También la momentánea ola de esperanzas que levantara en la Isla el anuncio del 17D, se ha ido desvaneciendo ante la ausencia de cambios, pese a que ya no tenemos un enemigo a las puertas de casa. Y en ese escenario de apatía llegará Francisco. Llega a tiempo, antes de que la emigración termine por vaciar del todo la Isla. Porque aquellos que tenían unos pocos años cuando nos visitó Juan Pablo II, ya son adultos, y muchos han escapado de Cuba. Las ilusiones de prosperidad y de libertades se han estrellado contra el valladar del inmovilismo gubernamental, y ya los discursos crípticos de los representantes de Dios son insuficientes para levantar un nuevo capital de fe. Pocos creen aquí en bendiciones papales.

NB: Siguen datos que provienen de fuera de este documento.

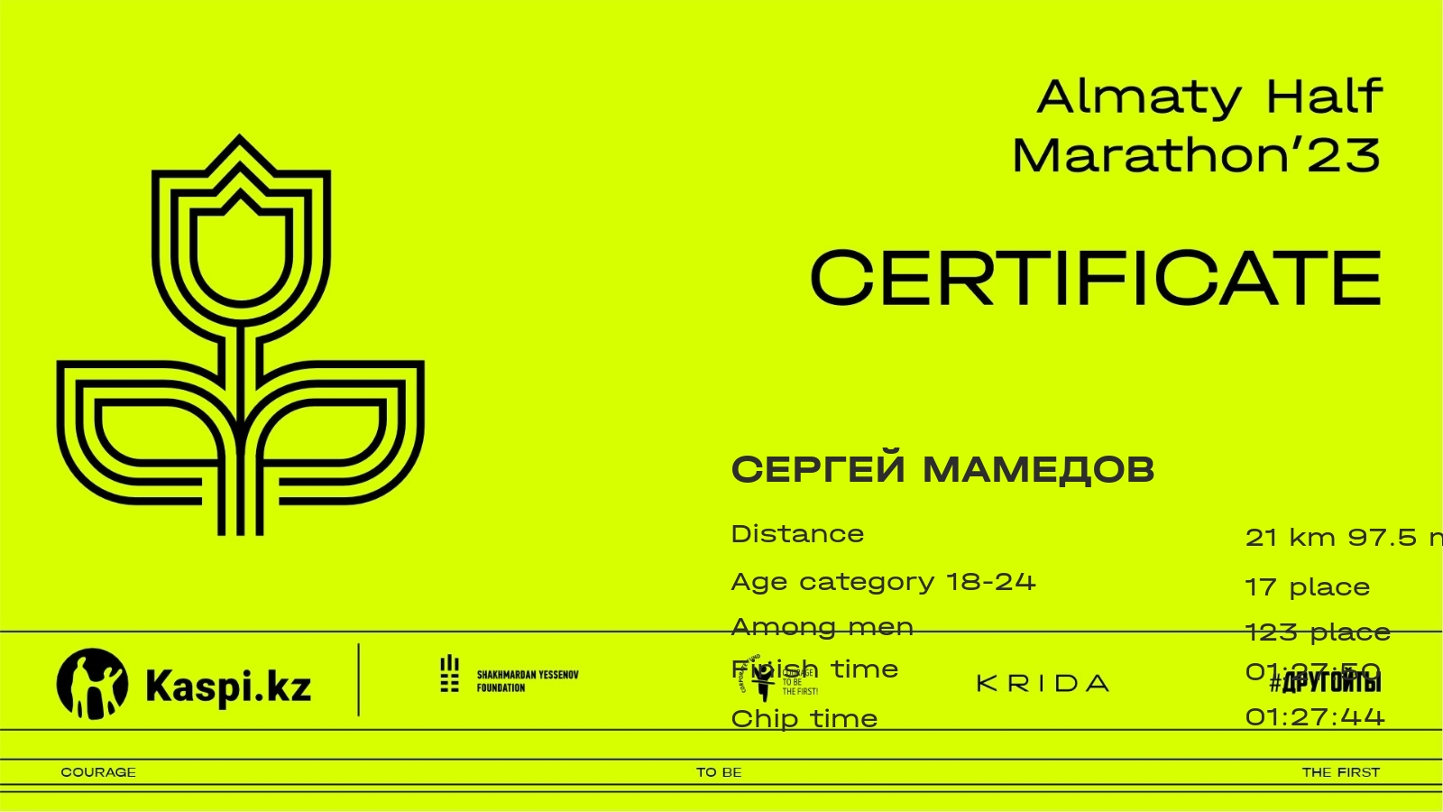 | 133 | Almaz Salimbayev | ![]() | Алматы | 1147 | 00:19:16.38 | 00:42:15.78 | 01:02:20.60 | 01:23:25.32 | 01:28:02.28 | 01:27:50.93 | Download |
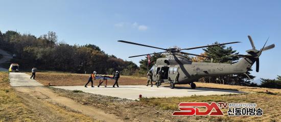 ¡Û À̹ø ÈÆ·ÃÀº ºÏÁ¢°æ µµ¼Áö¿ªÀÎ ±³µ¿¿¡¼ ÀÀ±ÞȯÀÚ ¹ß»ý ½Ã, ±º»çÅëÁ¦±¸¿ªÀ¸·Î ÀÎÇÑ ºñÇàÁ¦ÇÑ µîÀ¸·Î ¼Ò¹æÇ×°ø´ë Çï±â Ã⵿ÀÌ ¾î·Á¿î »óȲÀ» °¡Á¤Çϰí, ±º ¸Þµð¿Â Çï±â¸¦ ±ä±Þ ÅõÀÔÇØ ȯÀÚ¸¦ À̼ÛÇÏ´Â ½ÇÁ¦ »óȲ Áß½ÉÀÇ ÇÕµ¿ÈÆ·ÃÀ¸·Î ÁøÇàµÆ´Ù.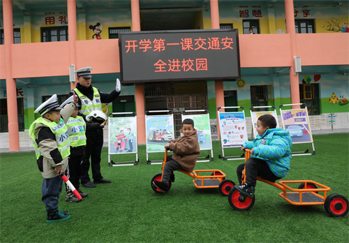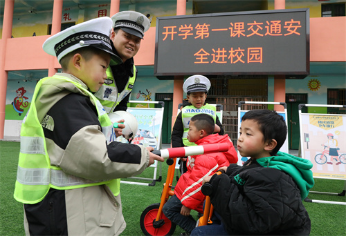 2月10日,在湖南省保靖縣清水坪學(xué)校幼兒園,交警給小朋友講解交通安全知識。當(dāng)日是保靖縣中小學(xué)春季開學(xué)第一天,該縣公安局交警大隊組織交警深入多所中小學(xué)開展“文明交通宣傳進校園”活動。交警們通過現(xiàn)場講解、展板展示、現(xiàn)場互動等方式,為學(xué)生普及交通安全知識,以增強少年兒童交通安全意識和自我保護能力。( 俞采華 彭  博)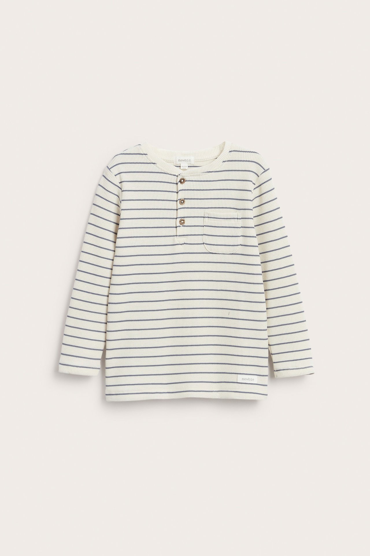 Gestreiftes Langarmshirt von Newbie aus weicher Biobaumwolle. Mit Waffelstruktur, praktischen Knöpfen vorne und einer Brusttasche. Mit Rippbündchen an Ausschnitt, Ärmeln und Saum.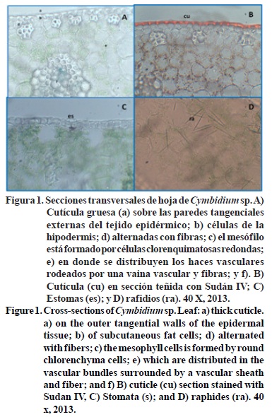Las hojas de la plantas de Cymbidium estudiada son conduplicadas, rígidas y coriáceas. El tejido epidérmico, está formado por un estrato de células de forma cuadrada a circular y con una cutícula gruesa (Figuras 1A y 1B) que se proyecta hacia las paredes anticlinales. Las células guarda, son superficiales (Figura 1C) y presenta poros fusiformes en la parte central. En C. ensifolium, la cutícula cubre los estomas y parte de las células guarda se eleva por encima de la cutícula. Éstas características pueden ser una modificación xerofítica (Du Puy y Cribb, 2007).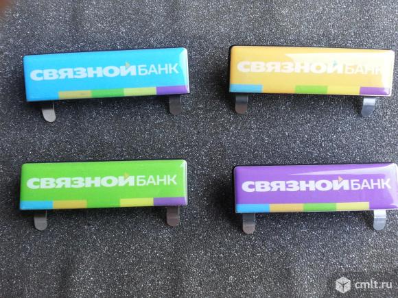 Продам бейджи нагрудные,горизонтальные связнойбанк. крепление двойное (зажим+булавка). бейджи 4х цветов. всего около 150 штук. 75руб. за 1 шт. оптовику-скидка.

A fin de cuentas, también el Vaticano es un Estado, con gobierno, política e intereses propios. Y, –con perdón de los creyentes– ¡qué tanto podrían interesarle nuestras aspiraciones de libertad a quienes, al menos de jure, cifran sus mayores aspiraciones en el reino de los cielos y no en las realidades de la tierra! Hemos sido aletargados demasiadas veces por las palabras de falsos profetas como para cifrar nuestras expectativas en otro jefe de estado. Después de 17 años de que Juan Pablo II pisara tierra cubana, seguimos sin percibir los efectos de sus congratulaciones. Nadie –salvo los ilusos más contumaces– espera que ahora Francisco propicie el milagro de los cambios que tanto urgen a Cuba.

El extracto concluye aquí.